• _TASK PROMPT_
An exact transcription is needed of the lines below from the one with "It stands out" through the one with "提供全面的安全事件报告体系,,,包括处置", with no other lines and no pictures.

(Dataset entries)
·····
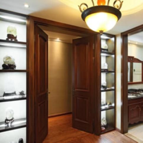 實木復(fù)合門:門芯和內(nèi)部構(gòu)造是由其余木料或密度板制成,唯獨外表是低檔木料并噴涂油漆。通常為三層復(fù)合構(gòu)造:門中心骨架(基材)為集成材(通常為松木或杉木);門芯骨架為實木網(wǎng)格或密度板網(wǎng)格,雙方貼中密度板;外表貼低檔實木木皮(如黑胡桃、紅櫻桃、花梨、柚木、沙比利等)。門的外表通常用的是聚酯漆。
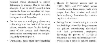 နိုင်ငံတော်စီမံအုပ်ချုပ်ရေးကောင်စီ သတင်းထုတ်ပြန်ချက် အကြောင်းအမျိုးမျိုးကြောင့
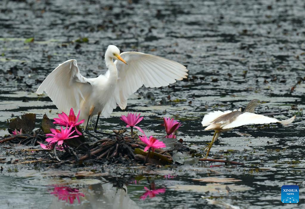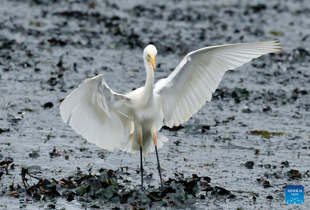 A great egret is pictured in a wetland area near Colombo, Sri Lanka, on Feb. 15, 2026. (Photo by Ajith Perera/Xinhua)
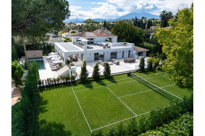 It stands out as one of the only homes on the Golden Mile with a full-size private grass tennis court. Inside, the layout features bright open-plan living spaces, a high-spec kitchen and a variety of comfortable lounge areas.
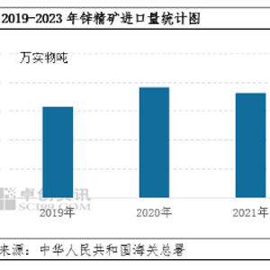 根据卓创资讯统计,近五年来中国锌精矿进口量呈现出震荡上涨的态势,尤其是到2023年进口总量达到了471.34万实物吨,相比于2019年的317.63万实物吨增加了153.71万实物吨,增幅48.39%。
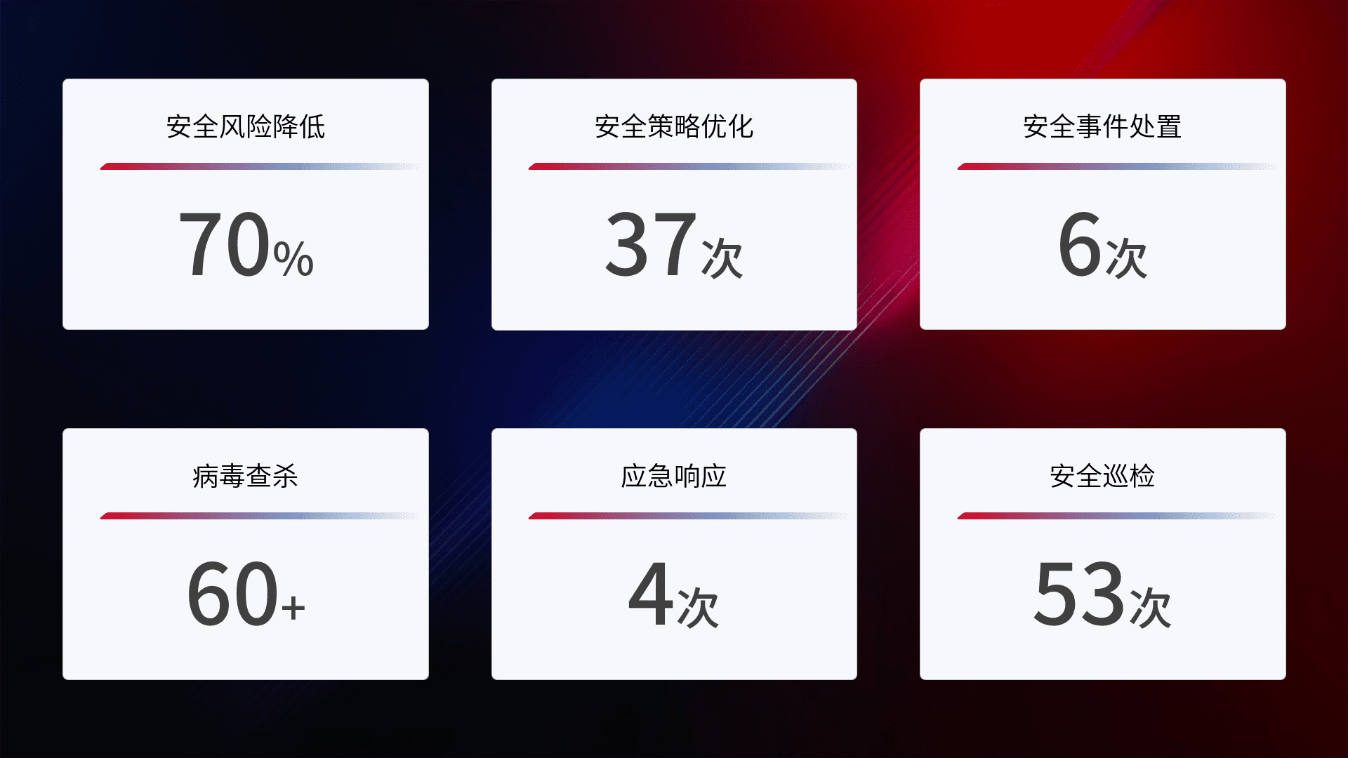 提供全面的安全事件报告体系,,,包括处置报告、、、、周报、、季度和年度总结,,结合持续监控,,,,帮助客户深入了解网络安全状况。。。。
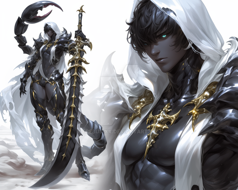 #characterdesign #warrior #digitalart #malecharacter #anime #adoptable #originalcharacter #digitalpainting #monster #ai #animeboy #anthropomorphic #bones #character #desert #fantasy #fantasycharacter #fantasyillustration #hotmale #muscular #oc #rpg #scorpion #sword #weapon #weapondesign #anthrocharacter #anthroadoptable #scorpion_tail #hybridcharacter
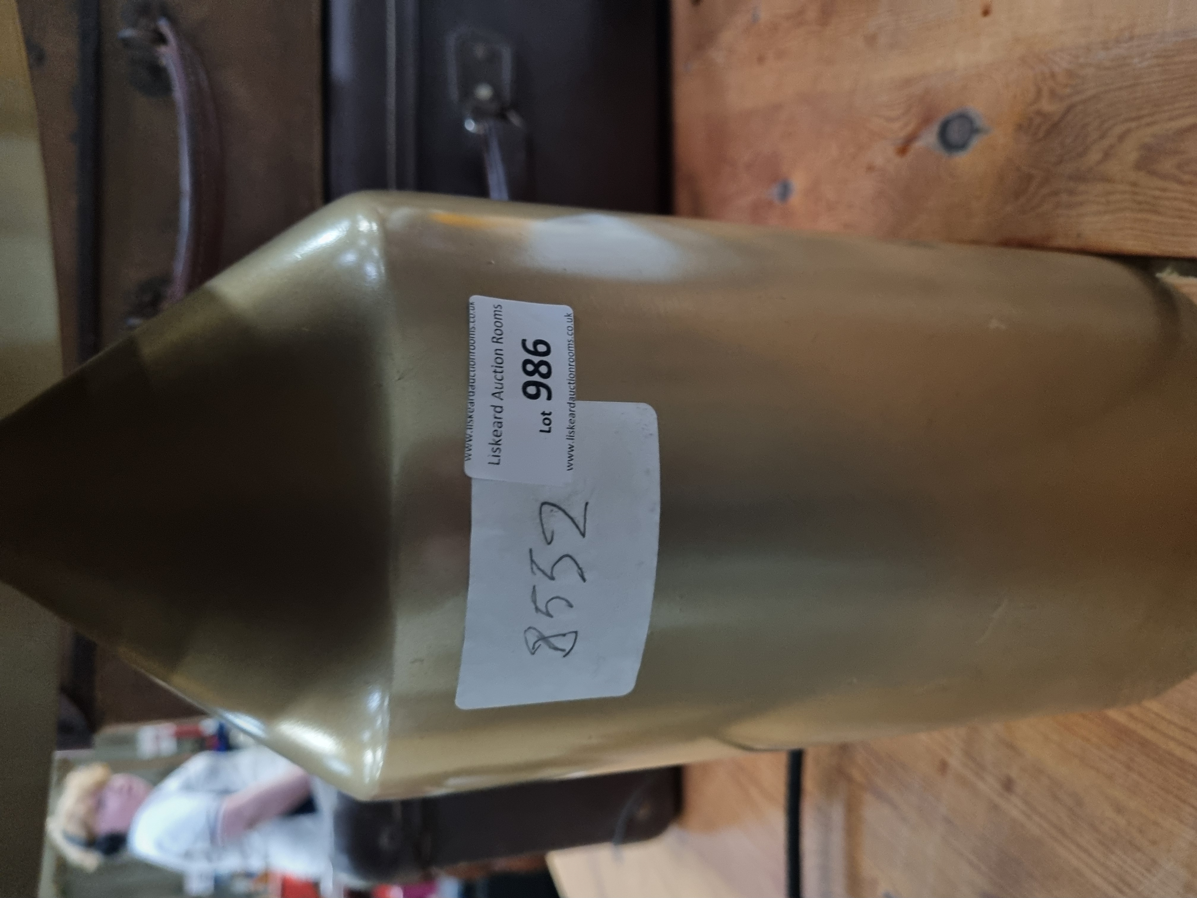 A table lamp in the mid-century modern style, featuring a mushroom-inspired design. The lamp consists of a large hemispherical metal dome shade topped with a small spherical finial. The shade is supported by a thick cylindrical base that tapers to a conical point at the neck. The entire piece is finished in a brushed gold-toned or brass-effect metal. The lamp is fitted with a black power cable and an integrated thumb-slide switch. Marks include a printed auction house label from Liskeard Auction Rooms (Lot 986) and a handwritten sticker numbered 8532 to the base. No manufacturer’s stamps or maker’s marks are visible.
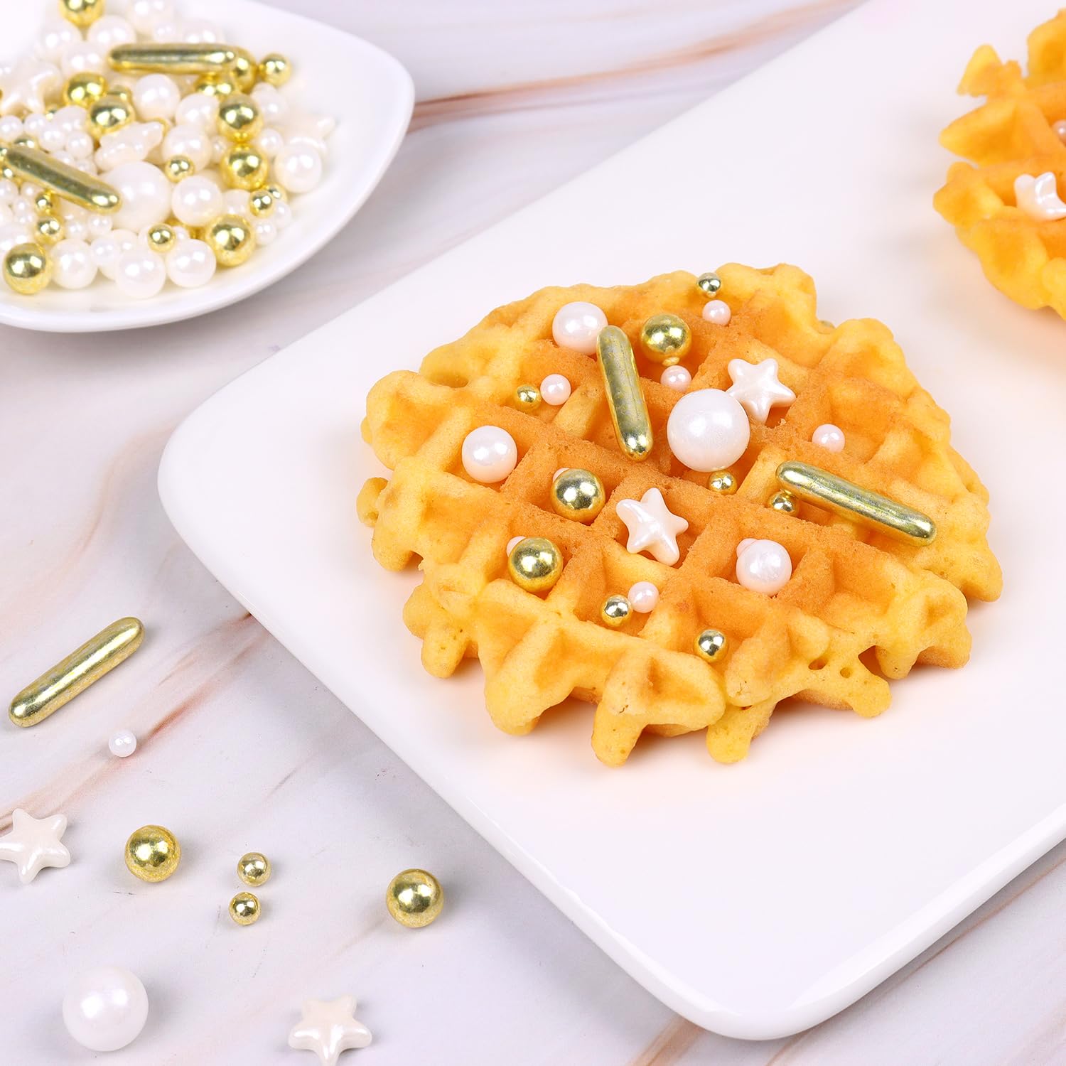 White Deluxe Gold Sprinkles for Cake Decorating 4.23ounce - Sugar Mix Contains Star & Pearl Sprinkles for Cupcake Toppers, Ice Cream, Candy, Cookie Decorations - Holiday Party Supplies
·····
• _ANSWER BELOW_
 It stands out as one of the only homes on the Golden Mile with a full-size private grass tennis court. Inside, the layout features bright open-plan living spaces, a high-spec kitchen and a variety of comfortable lounge areas.
 根据卓创资讯统计,近五年来中国锌精矿进口量呈现出震荡上涨的态势,尤其是到2023年进口总量达到了471.34万实物吨,相比于2019年的317.63万实物吨增加了153.71万实物吨,增幅48.39%。
 提供全面的安全事件报告体系,,,包括处置报告、、、、周报、、季度和年度总结,,结合持续监控,,,,帮助客户深入了解网络安全状况。。。。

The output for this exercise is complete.